Bath Iron Works plans new shipyard facility pending tax deal with city

The 900-ton composite deckhouse of the DDG 1000 warship under construction at Bath Iron Works is hoisted onto to the hull of the ship in this 2012 file photo.
General Dynamics | Bath Iron Works
The 900-ton composite deckhouse of the DDG 1000 warship under construction at Bath Iron Works is hoisted onto to the hull of the ship in this 2012 file photo.
Posted Aug. 02, 2013, at 1:30 p.m.
Last modified Aug. 02, 2013, at 6:19 p.m.

BATH, Maine — Bath Iron Works has announced preliminary plans to build a new outfitting building — just slightly smaller than the existing Ultra Hall — and make other major improvements at the shipyard pending approval and a new tax break agreement from Bath.

In a proposal to city councilors submitted Friday, officials from General Dynamics, which owns Bath Iron Works, wrote that they hope to begin this year building a 51,315-square-foot building, approximately 11 stories tall, at the south end of the shipyard, adjacent to the existing 68,000-square foot Ultra Hall.

The building would contain two 200-ton bridge cranes and provide space for shipbuilders to install the structures of ships in the building’s two bays, and outfit them with piping, ventilation, pumps, electrical consoles and other equipment, BIW spokesman Jim DeMartini said Friday.

BIW also hopes to tear down various older buildings and replace them with a new blast/paint building, and upgrade other facilities. Construction would be completed in 2015.

According to the company, the project would add to approximately $500 million of investment by the company of the last decade — investment “incentivized” by the U.S. Navy, Maine and Bath through payroll tax credits and three existing tax increment financing agreements with the city.

According to the proposal, that investment has allowed BIW to reduce costs and secure contracts for, among other ships, three DDG-1000 Zumwalt-class destroyers.

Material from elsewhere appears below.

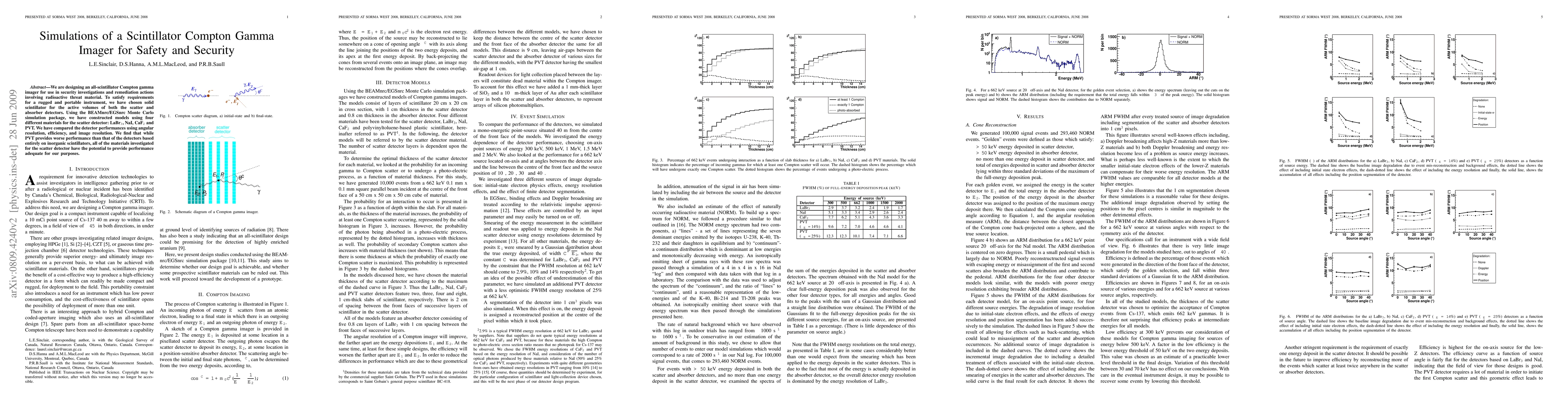 This paper designs an all-scintillator Compton gamma imager for security applications involving radioactive materials. Using Monte Carlo simulations, the authors evaluate four scintillator materials for the scatter detector, finding that while PVT offers lower performance, all materials can meet the instrument's requirements for ruggedness and portability.
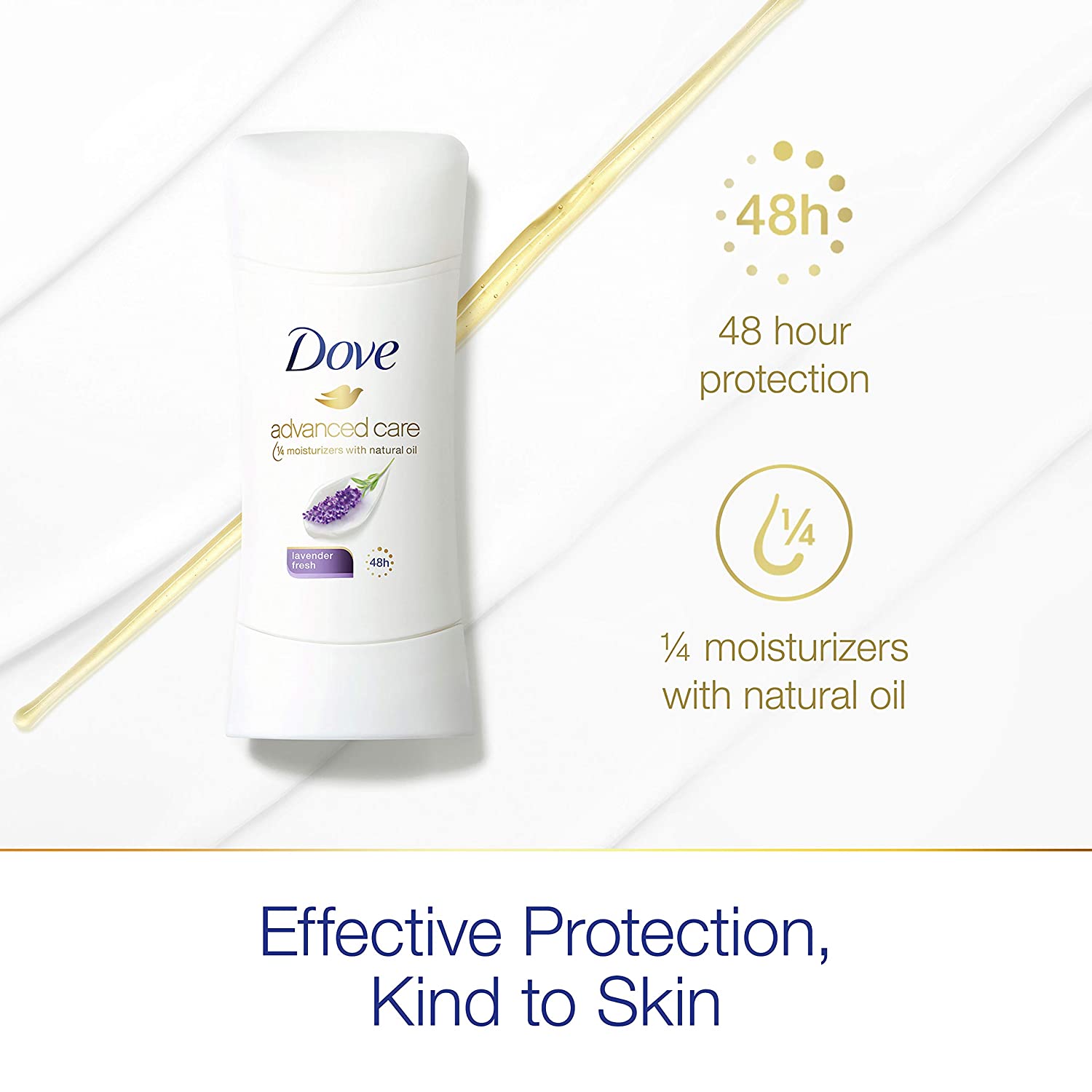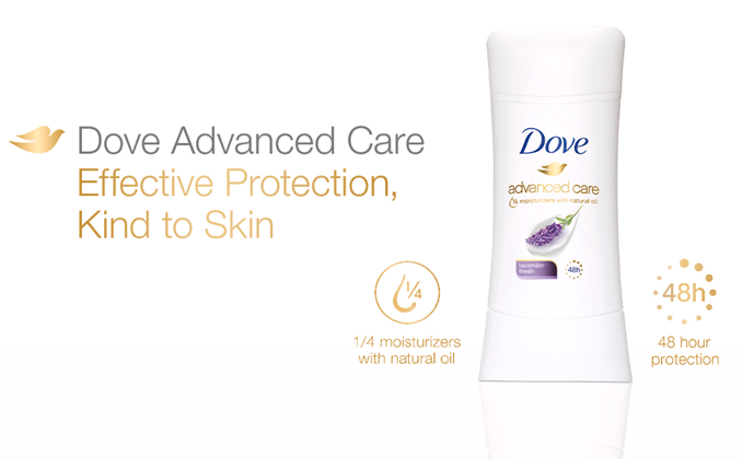 • Effective protection and kind to skin; Dove advanced care lavender fresh antiperspirant deodorant stick keeps your underarms dry and odor-free for up to 48 hours while being kind to your skin

But in June, a U.S. Navy announcement that BIW had secured four, and possibly five contracts to build DDG 51 destroyers — versus the five awarded to BIW competitor Ingalls Shipbuilding — “sent a strong message about where BIW stands relative to its competition,” the proposal stated. “Although BIW was awarded four ships, the inescapable fact is that BIW was not the winning bidder.”

The proposal also stated that “In order to improve our competitive position to win future work, BIW must reduce the cost of building ships in Bath, Maine, to a level the Navy can afford and at a price which is lower than our Mississippi competitors.”

On Wednesday, the City Council will hold a workshop to begin preliminary discussions about the project. A new tax increment financing agreement would require approval by the City Council and the Maine Department of Economic and Community Development. The proposed agreement would return a percentage of property taxes on new development to BIW

On Friday, DeMartini declined to offer more specific details of the proposed project, including what percentage of property taxes on new value the company would request be returned to them.

BIW has two 25-year tax increment financing agreements with the city that return a percentage of property taxes on the original shipyard and the land-level transfer facility completed in 2001 to the company.

A third district was created in 2008 when the city built Wing Farm Business Park which includes BIW’s $40 million Ultra Hall. This area does not return any property tax revenue to BIW.

DeMartini said the new project is not designed to increase or decrease employment, but to allow the company to “streamline our processes so we can become more affordable.”

On Friday, Bath City Manager Bill Giroux declined to discuss the proposal before councilors had an opportunity to review it.

“We’re very happy to see that Bath Iron Works is considering new investment in the shipyard,” he said.

The council will hold a workshop on Wednesday after the regular City Council meeting, which begins at 6 p.m. at Bath City Hall.